Discussion:
[gentoo-user] Issues with amdgpu driver: Compositor hangs, sysfs not working
(too old to reply)
Paul Sopka
2024-02-17 19:40:01 UTC
Permalink
Hello everybody,

I installed an AMD Radeon RX 7900 XTX today, switching from Nvidia. But
once I enable FRAMEBUFFER_CONSOLE_DETECT_PRIMARY=y to have a tty once
the driver is up, the following happens:

1) My Wayland compositor (Hyprland) takes very long to start.

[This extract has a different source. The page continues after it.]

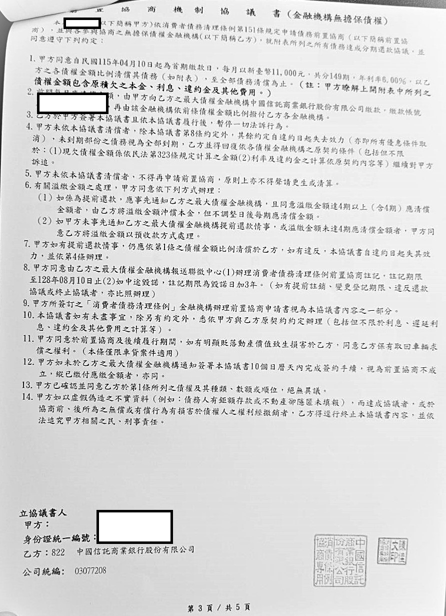 【前置協商案例】- 范姜先生債務約102萬7826元,每月繳納銀行最低應繳額約3萬,整合協商後每月還款1萬1500元。

2) reading from sysfs (e.g. running "cat
/sys/class/drm/card0/device/gpu_busy_percent") does not work and causes
a hang.

Once I disable FRAMEBUFFER_CONSOLE_DETECT_PRIMARY=n, I have no issues
with the starting speed of the compositors at all and the mentioned
command works. But this leads to a black tty.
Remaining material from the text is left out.